Write out the records word for word, with no pictures.

***** RECORDS FOR PROCESSING

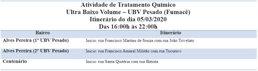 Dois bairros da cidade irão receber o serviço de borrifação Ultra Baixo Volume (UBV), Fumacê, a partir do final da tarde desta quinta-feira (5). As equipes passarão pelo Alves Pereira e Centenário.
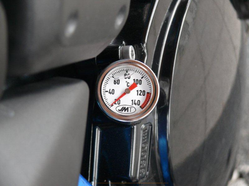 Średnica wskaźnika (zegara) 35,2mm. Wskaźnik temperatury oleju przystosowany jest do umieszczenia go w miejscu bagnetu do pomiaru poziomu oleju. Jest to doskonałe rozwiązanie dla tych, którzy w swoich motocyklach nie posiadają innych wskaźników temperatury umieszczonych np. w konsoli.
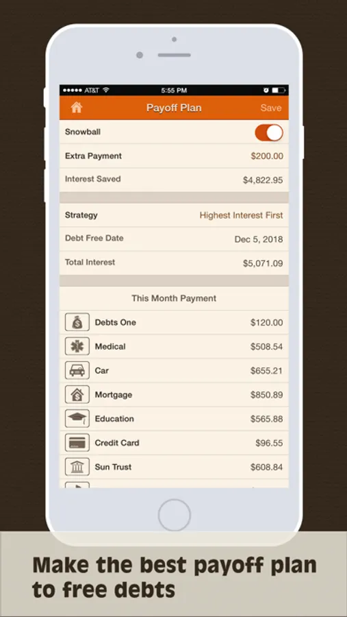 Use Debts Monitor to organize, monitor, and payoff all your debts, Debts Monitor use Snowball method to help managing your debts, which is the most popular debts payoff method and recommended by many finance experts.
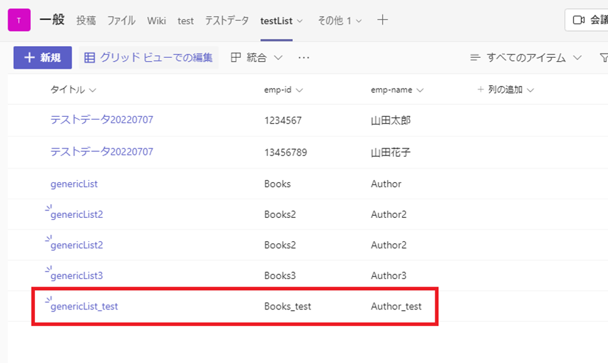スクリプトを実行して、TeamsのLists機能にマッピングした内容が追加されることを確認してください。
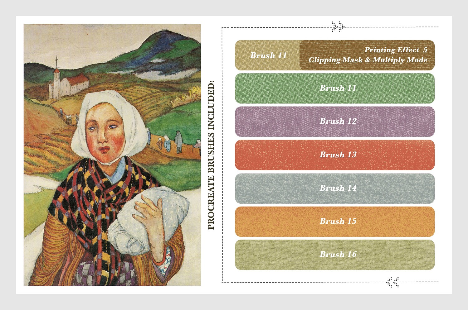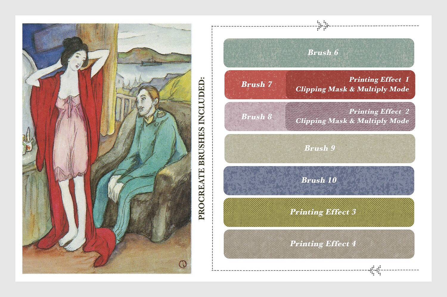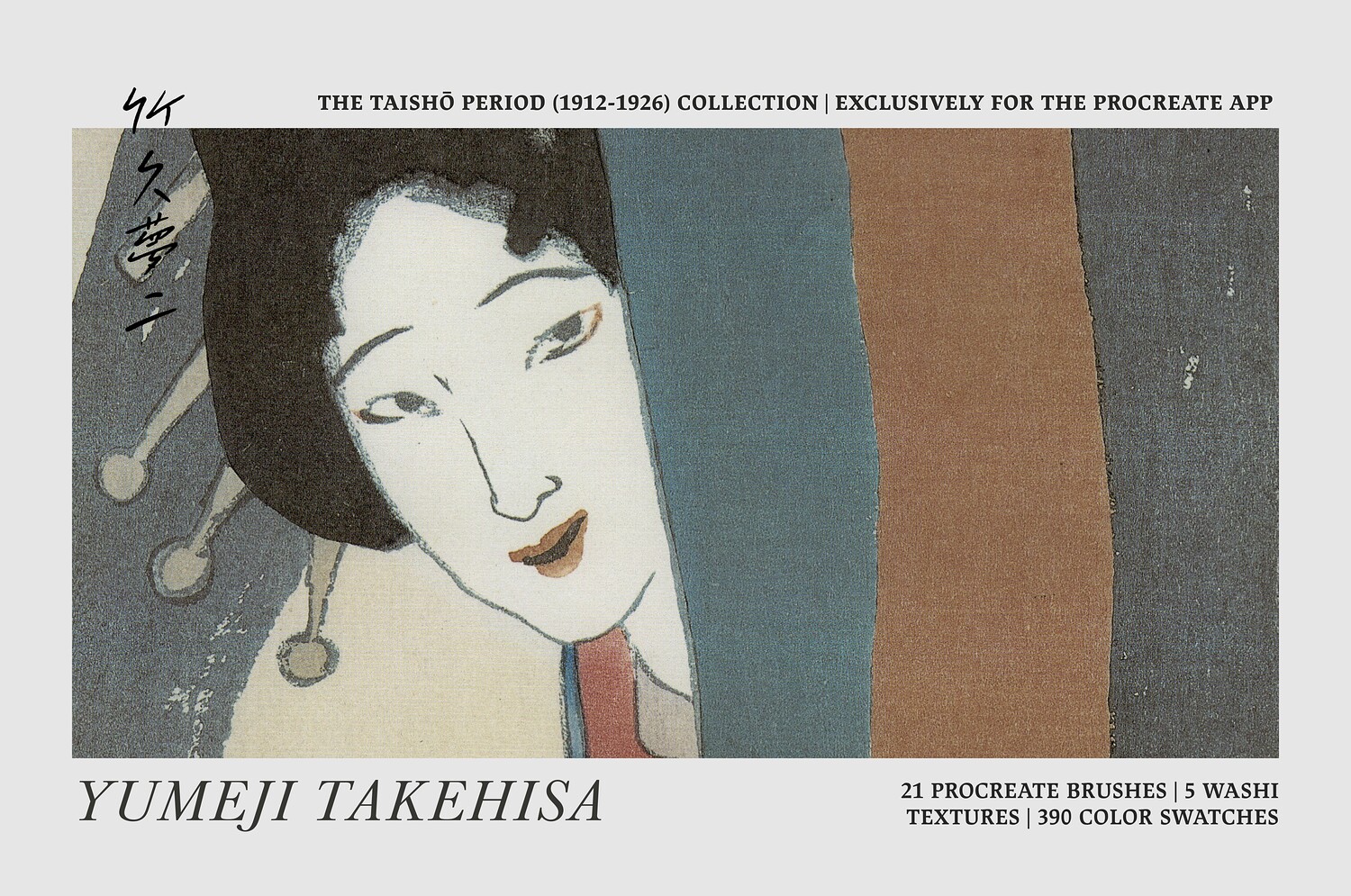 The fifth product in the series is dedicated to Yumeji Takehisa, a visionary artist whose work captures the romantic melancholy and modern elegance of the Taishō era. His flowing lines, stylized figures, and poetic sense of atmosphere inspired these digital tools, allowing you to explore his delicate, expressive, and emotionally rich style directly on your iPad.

**********

> **RESPONSE BOX**
 Dois bairros da cidade irão receber o serviço de borrifação Ultra Baixo Volume (UBV), Fumacê, a partir do final da tarde desta quinta-feira (5). As equipes passarão pelo Alves Pereira e Centenário.
 Średnica wskaźnika (zegara) 35,2mm. Wskaźnik temperatury oleju przystosowany jest do umieszczenia go w miejscu bagnetu do pomiaru poziomu oleju. Jest to doskonałe rozwiązanie dla tych, którzy w swoich motocyklach nie posiadają innych wskaźników temperatury umieszczonych np. w konsoli.
 Use Debts Monitor to organize, monitor, and payoff all your debts, Debts Monitor use Snowball method to help managing your debts, which is the most popular debts payoff method and recommended by many finance experts.
スクリプトを実行して、TeamsのLists機能にマッピングした内容が追加されることを確認してください。
 The fifth product in the series is dedicated to Yumeji Takehisa, a visionary artist whose work captures the romantic melancholy and modern elegance of the Taishō era. His flowing lines, stylized figures, and poetic sense of atmosphere inspired these digital tools, allowing you to explore his delicate, expressive, and emotionally rich style directly on your iPad.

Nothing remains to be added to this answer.